*** GIVEN RECORDS Section Begins ***

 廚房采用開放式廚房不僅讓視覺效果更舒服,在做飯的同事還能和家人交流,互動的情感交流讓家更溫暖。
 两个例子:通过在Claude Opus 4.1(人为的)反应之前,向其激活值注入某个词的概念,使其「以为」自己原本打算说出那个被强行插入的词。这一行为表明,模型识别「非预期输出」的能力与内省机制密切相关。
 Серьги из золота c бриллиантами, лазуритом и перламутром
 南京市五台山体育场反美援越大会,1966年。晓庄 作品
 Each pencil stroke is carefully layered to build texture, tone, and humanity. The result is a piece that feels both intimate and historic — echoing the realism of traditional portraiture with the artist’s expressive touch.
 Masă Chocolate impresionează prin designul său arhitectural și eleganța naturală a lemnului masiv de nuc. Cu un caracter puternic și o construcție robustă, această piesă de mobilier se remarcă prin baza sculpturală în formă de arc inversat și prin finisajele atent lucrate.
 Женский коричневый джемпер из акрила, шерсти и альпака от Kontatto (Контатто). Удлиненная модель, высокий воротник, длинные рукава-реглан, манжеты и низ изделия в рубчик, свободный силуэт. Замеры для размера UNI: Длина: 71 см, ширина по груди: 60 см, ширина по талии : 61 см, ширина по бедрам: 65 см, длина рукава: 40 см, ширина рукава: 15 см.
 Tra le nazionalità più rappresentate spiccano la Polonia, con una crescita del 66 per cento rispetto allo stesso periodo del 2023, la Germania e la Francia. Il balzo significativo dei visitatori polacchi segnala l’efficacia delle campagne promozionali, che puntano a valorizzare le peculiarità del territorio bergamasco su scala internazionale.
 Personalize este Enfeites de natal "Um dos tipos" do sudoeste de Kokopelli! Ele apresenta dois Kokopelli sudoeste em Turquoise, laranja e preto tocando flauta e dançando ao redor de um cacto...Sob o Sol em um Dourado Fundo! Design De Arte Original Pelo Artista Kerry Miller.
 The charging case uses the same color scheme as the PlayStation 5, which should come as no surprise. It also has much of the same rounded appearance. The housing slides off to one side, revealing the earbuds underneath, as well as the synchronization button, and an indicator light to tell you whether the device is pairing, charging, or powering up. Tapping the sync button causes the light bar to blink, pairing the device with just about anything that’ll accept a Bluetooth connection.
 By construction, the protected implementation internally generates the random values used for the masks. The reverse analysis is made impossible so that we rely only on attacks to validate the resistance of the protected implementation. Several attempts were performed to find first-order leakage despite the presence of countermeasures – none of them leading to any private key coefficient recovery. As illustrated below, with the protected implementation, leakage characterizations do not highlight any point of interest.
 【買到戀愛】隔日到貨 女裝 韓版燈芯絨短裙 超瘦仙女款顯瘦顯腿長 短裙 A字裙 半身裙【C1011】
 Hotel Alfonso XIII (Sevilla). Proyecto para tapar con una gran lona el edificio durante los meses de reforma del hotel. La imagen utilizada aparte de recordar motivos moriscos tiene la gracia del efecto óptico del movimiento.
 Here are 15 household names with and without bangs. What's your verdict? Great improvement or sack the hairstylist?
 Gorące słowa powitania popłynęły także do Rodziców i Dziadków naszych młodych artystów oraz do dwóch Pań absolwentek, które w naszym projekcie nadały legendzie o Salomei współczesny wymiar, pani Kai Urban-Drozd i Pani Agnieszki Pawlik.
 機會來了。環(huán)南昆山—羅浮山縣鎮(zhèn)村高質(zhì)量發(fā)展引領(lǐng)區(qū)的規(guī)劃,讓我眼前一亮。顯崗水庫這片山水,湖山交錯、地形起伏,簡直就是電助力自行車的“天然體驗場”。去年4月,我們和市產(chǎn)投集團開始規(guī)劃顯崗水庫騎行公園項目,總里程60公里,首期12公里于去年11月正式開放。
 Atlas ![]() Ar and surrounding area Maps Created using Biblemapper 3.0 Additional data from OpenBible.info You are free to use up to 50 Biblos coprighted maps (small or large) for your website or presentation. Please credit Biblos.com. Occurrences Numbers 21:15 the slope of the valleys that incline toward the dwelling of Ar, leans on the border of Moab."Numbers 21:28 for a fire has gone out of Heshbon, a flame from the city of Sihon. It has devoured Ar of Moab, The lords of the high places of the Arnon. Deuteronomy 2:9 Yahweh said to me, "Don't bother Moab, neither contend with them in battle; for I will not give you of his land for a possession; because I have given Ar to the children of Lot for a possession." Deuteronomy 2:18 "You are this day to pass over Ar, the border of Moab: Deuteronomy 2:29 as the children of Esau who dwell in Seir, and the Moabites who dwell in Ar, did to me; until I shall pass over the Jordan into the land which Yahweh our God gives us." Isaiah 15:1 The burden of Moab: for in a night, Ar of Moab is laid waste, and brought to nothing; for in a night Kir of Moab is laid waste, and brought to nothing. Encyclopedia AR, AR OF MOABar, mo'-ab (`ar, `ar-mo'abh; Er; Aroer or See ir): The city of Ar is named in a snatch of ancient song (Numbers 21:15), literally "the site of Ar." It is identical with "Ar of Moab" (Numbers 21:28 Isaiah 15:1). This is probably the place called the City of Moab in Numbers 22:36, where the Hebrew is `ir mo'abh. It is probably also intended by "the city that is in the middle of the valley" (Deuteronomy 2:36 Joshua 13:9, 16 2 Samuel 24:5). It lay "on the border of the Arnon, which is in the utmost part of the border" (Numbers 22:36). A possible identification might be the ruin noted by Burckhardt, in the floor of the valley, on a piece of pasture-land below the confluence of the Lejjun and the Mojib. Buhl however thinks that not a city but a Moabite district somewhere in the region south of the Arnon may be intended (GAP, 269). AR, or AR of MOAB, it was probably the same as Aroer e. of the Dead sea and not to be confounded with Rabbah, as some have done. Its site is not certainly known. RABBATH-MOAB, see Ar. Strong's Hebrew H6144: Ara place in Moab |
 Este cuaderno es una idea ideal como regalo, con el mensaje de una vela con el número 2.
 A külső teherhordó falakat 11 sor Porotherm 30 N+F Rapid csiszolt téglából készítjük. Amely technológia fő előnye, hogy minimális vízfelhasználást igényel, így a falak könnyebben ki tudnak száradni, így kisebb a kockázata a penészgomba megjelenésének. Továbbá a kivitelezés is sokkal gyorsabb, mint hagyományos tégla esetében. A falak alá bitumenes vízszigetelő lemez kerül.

*** GIVEN RECORDS Section Ends ***

**BRIEF:**
Reproduce every record above, word for word.

**SOLUTION BELOW:**
 廚房采用開放式廚房不僅讓視覺效果更舒服,在做飯的同事還能和家人交流,互動的情感交流讓家更溫暖。
 两个例子:通过在Claude Opus 4.1(人为的)反应之前,向其激活值注入某个词的概念,使其「以为」自己原本打算说出那个被强行插入的词。这一行为表明,模型识别「非预期输出」的能力与内省机制密切相关。
 Серьги из золота c бриллиантами, лазуритом и перламутром
 南京市五台山体育场反美援越大会,1966年。晓庄 作品
 Each pencil stroke is carefully layered to build texture, tone, and humanity. The result is a piece that feels both intimate and historic — echoing the realism of traditional portraiture with the artist’s expressive touch.
 Masă Chocolate impresionează prin designul său arhitectural și eleganța naturală a lemnului masiv de nuc. Cu un caracter puternic și o construcție robustă, această piesă de mobilier se remarcă prin baza sculpturală în formă de arc inversat și prin finisajele atent lucrate.
 Женский коричневый джемпер из акрила, шерсти и альпака от Kontatto (Контатто). Удлиненная модель, высокий воротник, длинные рукава-реглан, манжеты и низ изделия в рубчик, свободный силуэт. Замеры для размера UNI: Длина: 71 см, ширина по груди: 60 см, ширина по талии : 61 см, ширина по бедрам: 65 см, длина рукава: 40 см, ширина рукава: 15 см.
 Tra le nazionalità più rappresentate spiccano la Polonia, con una crescita del 66 per cento rispetto allo stesso periodo del 2023, la Germania e la Francia. Il balzo significativo dei visitatori polacchi segnala l’efficacia delle campagne promozionali, che puntano a valorizzare le peculiarità del territorio bergamasco su scala internazionale.
 Personalize este Enfeites de natal "Um dos tipos" do sudoeste de Kokopelli! Ele apresenta dois Kokopelli sudoeste em Turquoise, laranja e preto tocando flauta e dançando ao redor de um cacto...Sob o Sol em um Dourado Fundo! Design De Arte Original Pelo Artista Kerry Miller.
 The charging case uses the same color scheme as the PlayStation 5, which should come as no surprise. It also has much of the same rounded appearance. The housing slides off to one side, revealing the earbuds underneath, as well as the synchronization button, and an indicator light to tell you whether the device is pairing, charging, or powering up. Tapping the sync button causes the light bar to blink, pairing the device with just about anything that’ll accept a Bluetooth connection.
 By construction, the protected implementation internally generates the random values used for the masks. The reverse analysis is made impossible so that we rely only on attacks to validate the resistance of the protected implementation. Several attempts were performed to find first-order leakage despite the presence of countermeasures – none of them leading to any private key coefficient recovery. As illustrated below, with the protected implementation, leakage characterizations do not highlight any point of interest.
 【買到戀愛】隔日到貨 女裝 韓版燈芯絨短裙 超瘦仙女款顯瘦顯腿長 短裙 A字裙 半身裙【C1011】
 Hotel Alfonso XIII (Sevilla). Proyecto para tapar con una gran lona el edificio durante los meses de reforma del hotel. La imagen utilizada aparte de recordar motivos moriscos tiene la gracia del efecto óptico del movimiento.
 Here are 15 household names with and without bangs. What's your verdict? Great improvement or sack the hairstylist?
 Gorące słowa powitania popłynęły także do Rodziców i Dziadków naszych młodych artystów oraz do dwóch Pań absolwentek, które w naszym projekcie nadały legendzie o Salomei współczesny wymiar, pani Kai Urban-Drozd i Pani Agnieszki Pawlik.
 機會來了。環(huán)南昆山—羅浮山縣鎮(zhèn)村高質(zhì)量發(fā)展引領(lǐng)區(qū)的規(guī)劃,讓我眼前一亮。顯崗水庫這片山水,湖山交錯、地形起伏,簡直就是電助力自行車的“天然體驗場”。去年4月,我們和市產(chǎn)投集團開始規(guī)劃顯崗水庫騎行公園項目,總里程60公里,首期12公里于去年11月正式開放。
 Atlas ![]() Ar and surrounding area Maps Created using Biblemapper 3.0 Additional data from OpenBible.info You are free to use up to 50 Biblos coprighted maps (small or large) for your website or presentation. Please credit Biblos.com. Occurrences Numbers 21:15 the slope of the valleys that incline toward the dwelling of Ar, leans on the border of Moab."Numbers 21:28 for a fire has gone out of Heshbon, a flame from the city of Sihon. It has devoured Ar of Moab, The lords of the high places of the Arnon. Deuteronomy 2:9 Yahweh said to me, "Don't bother Moab, neither contend with them in battle; for I will not give you of his land for a possession; because I have given Ar to the children of Lot for a possession." Deuteronomy 2:18 "You are this day to pass over Ar, the border of Moab: Deuteronomy 2:29 as the children of Esau who dwell in Seir, and the Moabites who dwell in Ar, did to me; until I shall pass over the Jordan into the land which Yahweh our God gives us." Isaiah 15:1 The burden of Moab: for in a night, Ar of Moab is laid waste, and brought to nothing; for in a night Kir of Moab is laid waste, and brought to nothing. Encyclopedia AR, AR OF MOABar, mo'-ab (`ar, `ar-mo'abh; Er; Aroer or See ir): The city of Ar is named in a snatch of ancient song (Numbers 21:15), literally "the site of Ar." It is identical with "Ar of Moab" (Numbers 21:28 Isaiah 15:1). This is probably the place called the City of Moab in Numbers 22:36, where the Hebrew is `ir mo'abh. It is probably also intended by "the city that is in the middle of the valley" (Deuteronomy 2:36 Joshua 13:9, 16 2 Samuel 24:5). It lay "on the border of the Arnon, which is in the utmost part of the border" (Numbers 22:36). A possible identification might be the ruin noted by Burckhardt, in the floor of the valley, on a piece of pasture-land below the confluence of the Lejjun and the Mojib. Buhl however thinks that not a city but a Moabite district somewhere in the region south of the Arnon may be intended (GAP, 269). AR, or AR of MOAB, it was probably the same as Aroer e. of the Dead sea and not to be confounded with Rabbah, as some have done. Its site is not certainly known. RABBATH-MOAB, see Ar. Strong's Hebrew H6144: Ara place in Moab |
 Este cuaderno es una idea ideal como regalo, con el mensaje de una vela con el número 2.
 A külső teherhordó falakat 11 sor Porotherm 30 N+F Rapid csiszolt téglából készítjük. Amely technológia fő előnye, hogy minimális vízfelhasználást igényel, így a falak könnyebben ki tudnak száradni, így kisebb a kockázata a penészgomba megjelenésének. Továbbá a kivitelezés is sokkal gyorsabb, mint hagyományos tégla esetében. A falak alá bitumenes vízszigetelő lemez kerül.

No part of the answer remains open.